▶ [Exercise details]
Print the lines below from the line with "Tempera készlet, 12" to the line with "I negozi Euronics" exactly, keeping both ends, and print no pictures.

--- Exercise materials Enclosed Below ---

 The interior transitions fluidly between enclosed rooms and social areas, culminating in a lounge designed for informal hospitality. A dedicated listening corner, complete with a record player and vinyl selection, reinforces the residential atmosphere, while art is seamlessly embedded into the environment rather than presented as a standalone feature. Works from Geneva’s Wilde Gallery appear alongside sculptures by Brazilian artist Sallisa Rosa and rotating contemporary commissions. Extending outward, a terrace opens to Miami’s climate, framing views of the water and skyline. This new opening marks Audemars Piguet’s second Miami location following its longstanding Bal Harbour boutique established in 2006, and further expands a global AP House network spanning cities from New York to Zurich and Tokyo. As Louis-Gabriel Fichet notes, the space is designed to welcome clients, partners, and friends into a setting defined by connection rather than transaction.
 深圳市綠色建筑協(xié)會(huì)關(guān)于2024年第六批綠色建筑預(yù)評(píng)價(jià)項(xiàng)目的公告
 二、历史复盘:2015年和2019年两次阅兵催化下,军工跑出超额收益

--- End of Enclosed Exercise materials ---
--- Exercise materials Enclosed Below ---

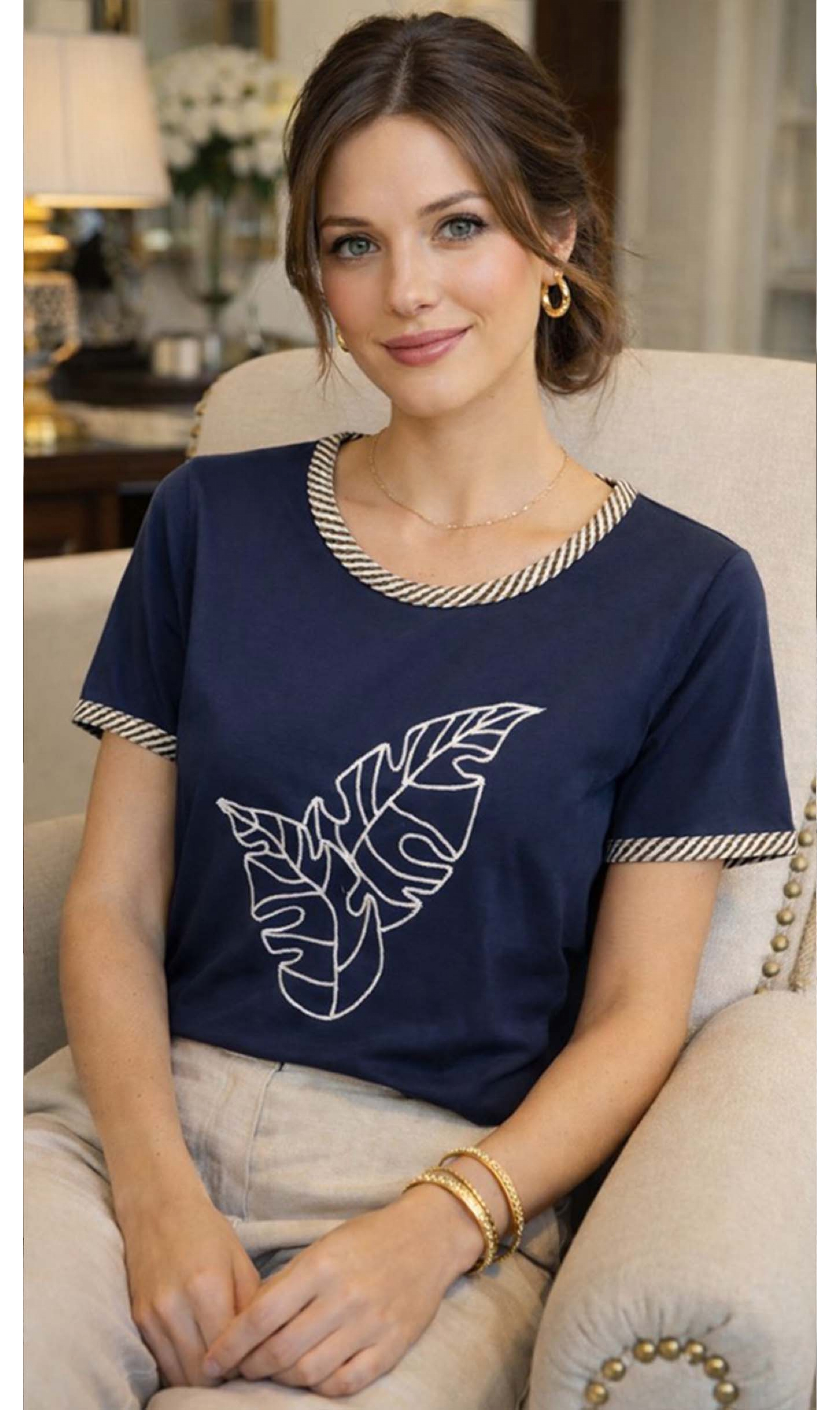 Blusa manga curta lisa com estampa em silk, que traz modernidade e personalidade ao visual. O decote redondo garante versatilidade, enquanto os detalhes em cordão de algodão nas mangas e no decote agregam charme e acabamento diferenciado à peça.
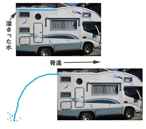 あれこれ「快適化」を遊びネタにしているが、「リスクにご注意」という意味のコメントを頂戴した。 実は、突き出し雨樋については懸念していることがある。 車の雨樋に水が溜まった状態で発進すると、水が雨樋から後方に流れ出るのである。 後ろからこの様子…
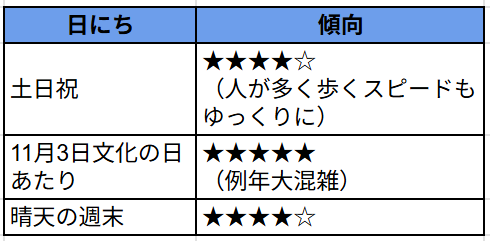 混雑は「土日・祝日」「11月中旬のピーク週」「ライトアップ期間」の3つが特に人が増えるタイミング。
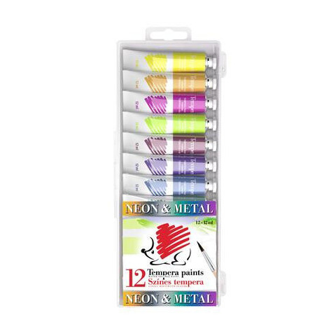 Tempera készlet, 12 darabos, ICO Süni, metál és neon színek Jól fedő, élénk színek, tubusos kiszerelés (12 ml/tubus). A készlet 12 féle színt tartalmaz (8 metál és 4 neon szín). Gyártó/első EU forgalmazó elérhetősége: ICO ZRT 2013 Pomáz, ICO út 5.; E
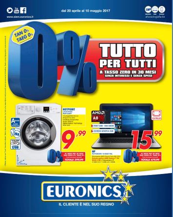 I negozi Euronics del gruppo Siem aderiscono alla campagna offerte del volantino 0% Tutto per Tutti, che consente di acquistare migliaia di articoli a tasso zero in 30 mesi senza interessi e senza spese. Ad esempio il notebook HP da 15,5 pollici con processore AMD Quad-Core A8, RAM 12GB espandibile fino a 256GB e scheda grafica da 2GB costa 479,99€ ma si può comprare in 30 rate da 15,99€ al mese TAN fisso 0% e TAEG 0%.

--- End of Enclosed Exercise materials ---

▶ [Output below]
 Tempera készlet, 12 darabos, ICO Süni, metál és neon színek Jól fedő, élénk színek, tubusos kiszerelés (12 ml/tubus). A készlet 12 féle színt tartalmaz (8 metál és 4 neon szín). Gyártó/első EU forgalmazó elérhetősége: ICO ZRT 2013 Pomáz, ICO út 5.; E
 I negozi Euronics del gruppo Siem aderiscono alla campagna offerte del volantino 0% Tutto per Tutti, che consente di acquistare migliaia di articoli a tasso zero in 30 mesi senza interessi e senza spese. Ad esempio il notebook HP da 15,5 pollici con processore AMD Quad-Core A8, RAM 12GB espandibile fino a 256GB e scheda grafica da 2GB costa 479,99€ ma si può comprare in 30 rate da 15,99€ al mese TAN fisso 0% e TAEG 0%.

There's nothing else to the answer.